> **Try it**:
Could you transcribe exactly the lines below, from the line with "[과천=뉴스핌] 최지환 기자" through the line with "Wit, geel, beige", and nothing else, leaving out the pictures?

> **The input**:
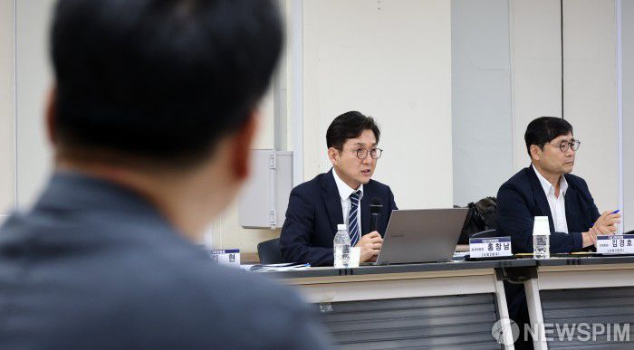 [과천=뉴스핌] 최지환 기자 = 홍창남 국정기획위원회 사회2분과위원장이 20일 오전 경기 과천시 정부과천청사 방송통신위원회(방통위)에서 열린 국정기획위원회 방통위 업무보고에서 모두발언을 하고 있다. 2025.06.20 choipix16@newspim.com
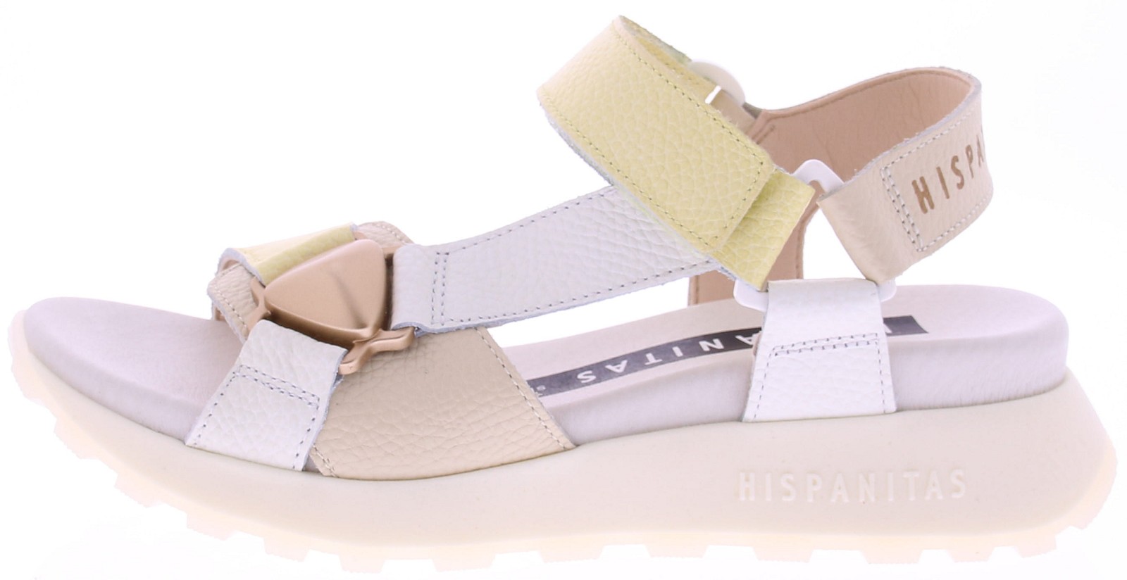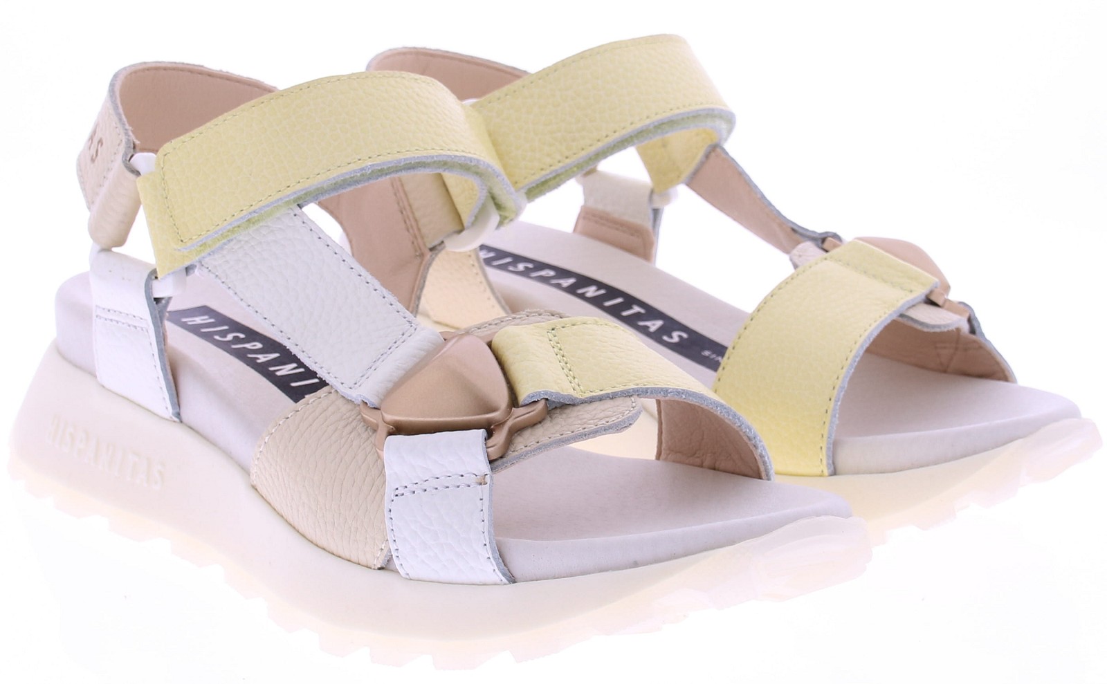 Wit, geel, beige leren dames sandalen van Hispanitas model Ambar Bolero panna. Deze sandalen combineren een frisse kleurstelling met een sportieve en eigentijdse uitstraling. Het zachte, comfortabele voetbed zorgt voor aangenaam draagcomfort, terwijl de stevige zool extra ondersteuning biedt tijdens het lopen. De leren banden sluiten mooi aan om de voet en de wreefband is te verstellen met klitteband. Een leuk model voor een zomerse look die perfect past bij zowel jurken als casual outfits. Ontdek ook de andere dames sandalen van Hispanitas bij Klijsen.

---

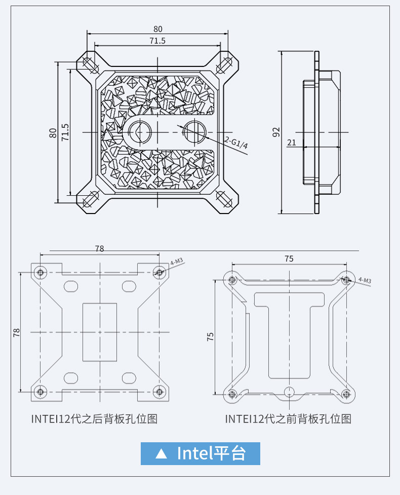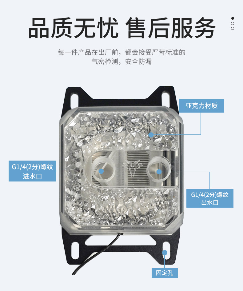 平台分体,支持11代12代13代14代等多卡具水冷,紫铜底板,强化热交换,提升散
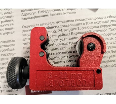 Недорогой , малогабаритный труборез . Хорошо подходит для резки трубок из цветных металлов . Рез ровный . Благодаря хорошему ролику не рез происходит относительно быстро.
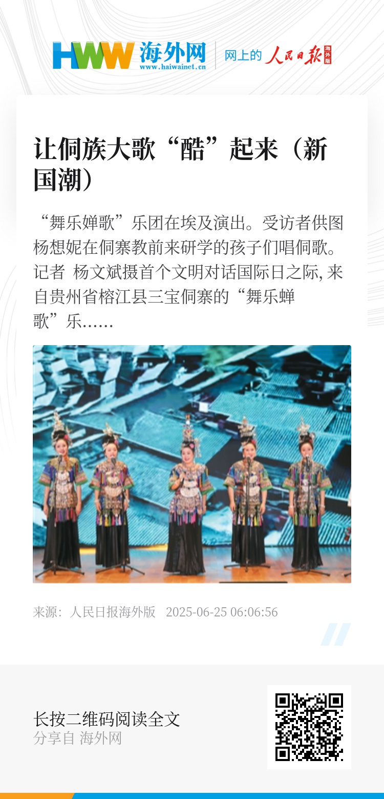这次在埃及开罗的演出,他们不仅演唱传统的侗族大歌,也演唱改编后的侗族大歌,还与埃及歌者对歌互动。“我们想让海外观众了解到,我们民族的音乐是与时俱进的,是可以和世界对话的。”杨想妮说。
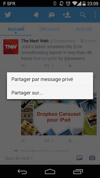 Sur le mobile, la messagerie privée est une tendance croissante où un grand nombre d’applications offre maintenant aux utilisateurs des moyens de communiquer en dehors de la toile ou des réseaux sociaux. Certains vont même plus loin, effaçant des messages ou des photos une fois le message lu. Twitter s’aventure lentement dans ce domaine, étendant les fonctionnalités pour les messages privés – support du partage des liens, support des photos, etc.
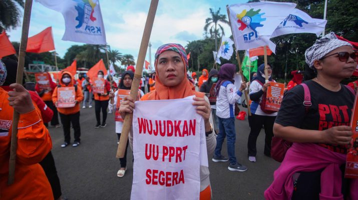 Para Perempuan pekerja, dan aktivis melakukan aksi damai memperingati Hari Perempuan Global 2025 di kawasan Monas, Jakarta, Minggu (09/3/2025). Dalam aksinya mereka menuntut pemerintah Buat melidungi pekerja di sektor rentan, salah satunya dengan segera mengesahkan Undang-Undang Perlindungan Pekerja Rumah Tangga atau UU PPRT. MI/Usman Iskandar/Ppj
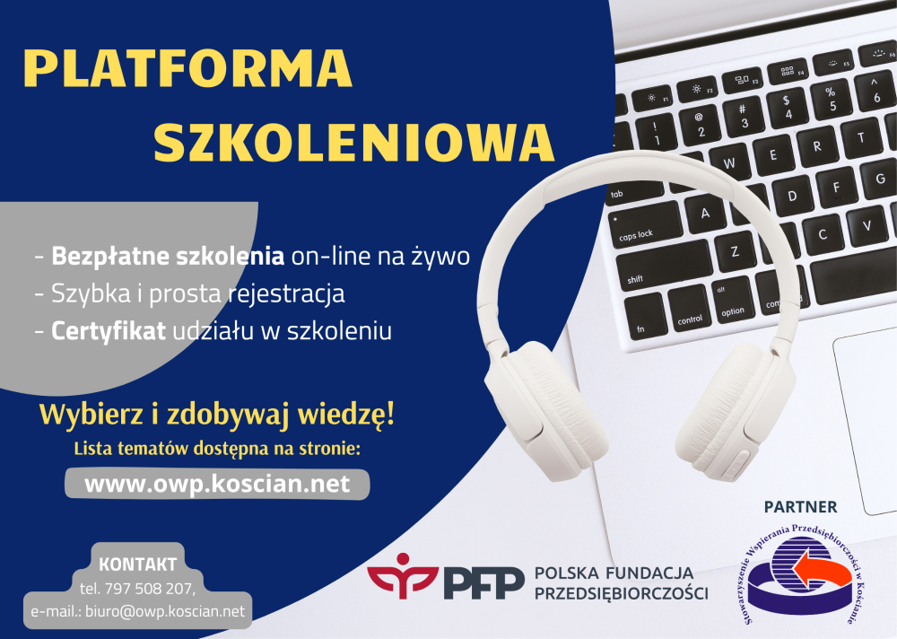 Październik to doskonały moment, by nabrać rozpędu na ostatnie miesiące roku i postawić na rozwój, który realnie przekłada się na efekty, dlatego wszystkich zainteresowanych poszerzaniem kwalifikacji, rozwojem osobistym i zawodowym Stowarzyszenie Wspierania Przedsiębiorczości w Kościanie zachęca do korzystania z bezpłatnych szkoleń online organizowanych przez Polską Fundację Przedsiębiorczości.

--

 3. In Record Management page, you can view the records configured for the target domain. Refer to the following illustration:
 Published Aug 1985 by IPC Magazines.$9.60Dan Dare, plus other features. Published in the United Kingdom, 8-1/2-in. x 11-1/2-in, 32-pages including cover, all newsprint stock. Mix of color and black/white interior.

> **Written response**:
 [과천=뉴스핌] 최지환 기자 = 홍창남 국정기획위원회 사회2분과위원장이 20일 오전 경기 과천시 정부과천청사 방송통신위원회(방통위)에서 열린 국정기획위원회 방통위 업무보고에서 모두발언을 하고 있다. 2025.06.20 choipix16@newspim.com
 Wit, geel, beige leren dames sandalen van Hispanitas model Ambar Bolero panna. Deze sandalen combineren een frisse kleurstelling met een sportieve en eigentijdse uitstraling. Het zachte, comfortabele voetbed zorgt voor aangenaam draagcomfort, terwijl de stevige zool extra ondersteuning biedt tijdens het lopen. De leren banden sluiten mooi aan om de voet en de wreefband is te verstellen met klitteband. Een leuk model voor een zomerse look die perfect past bij zowel jurken als casual outfits. Ontdek ook de andere dames sandalen van Hispanitas bij Klijsen.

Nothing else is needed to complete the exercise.